- **Exercise directions**
Beginning with the line below that contains "交易策略:在2864.00之下看跌,目标2800.00   2737.00" and ending with the line that contains "Min. Freeland discussed", copy every line exactly. Copy nothing else.

- **Recorded data**
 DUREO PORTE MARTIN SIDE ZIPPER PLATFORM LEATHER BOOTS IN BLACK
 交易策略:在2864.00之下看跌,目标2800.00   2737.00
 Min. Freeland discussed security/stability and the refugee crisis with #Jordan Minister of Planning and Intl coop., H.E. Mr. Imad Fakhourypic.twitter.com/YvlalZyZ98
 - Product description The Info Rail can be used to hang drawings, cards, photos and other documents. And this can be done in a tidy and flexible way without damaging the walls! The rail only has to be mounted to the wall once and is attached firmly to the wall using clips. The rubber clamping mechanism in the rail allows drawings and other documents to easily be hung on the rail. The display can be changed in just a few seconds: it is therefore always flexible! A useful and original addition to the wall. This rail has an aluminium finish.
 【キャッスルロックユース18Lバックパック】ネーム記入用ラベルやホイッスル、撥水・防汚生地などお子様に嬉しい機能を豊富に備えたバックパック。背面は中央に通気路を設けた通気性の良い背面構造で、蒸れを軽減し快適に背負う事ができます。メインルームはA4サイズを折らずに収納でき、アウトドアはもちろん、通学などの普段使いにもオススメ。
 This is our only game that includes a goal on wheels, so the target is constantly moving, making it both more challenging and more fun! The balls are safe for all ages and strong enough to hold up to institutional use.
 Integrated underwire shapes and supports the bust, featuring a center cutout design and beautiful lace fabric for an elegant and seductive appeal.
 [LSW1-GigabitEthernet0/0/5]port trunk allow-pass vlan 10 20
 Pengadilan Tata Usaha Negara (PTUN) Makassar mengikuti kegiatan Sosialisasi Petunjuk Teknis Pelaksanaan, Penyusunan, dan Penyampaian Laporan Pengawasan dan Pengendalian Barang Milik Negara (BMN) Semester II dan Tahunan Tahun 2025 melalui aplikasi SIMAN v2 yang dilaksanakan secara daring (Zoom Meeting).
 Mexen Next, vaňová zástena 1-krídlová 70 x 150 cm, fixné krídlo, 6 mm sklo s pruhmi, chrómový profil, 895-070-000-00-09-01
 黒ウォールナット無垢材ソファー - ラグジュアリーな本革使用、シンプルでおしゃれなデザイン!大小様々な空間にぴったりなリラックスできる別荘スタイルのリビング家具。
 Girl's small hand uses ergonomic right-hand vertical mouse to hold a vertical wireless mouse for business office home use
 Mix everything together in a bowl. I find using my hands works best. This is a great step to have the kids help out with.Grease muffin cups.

- **Written reply**
 交易策略:在2864.00之下看跌,目标2800.00   2737.00
 Min. Freeland discussed security/stability and the refugee crisis with #Jordan Minister of Planning and Intl coop., H.E. Mr. Imad Fakhourypic.twitter.com/YvlalZyZ98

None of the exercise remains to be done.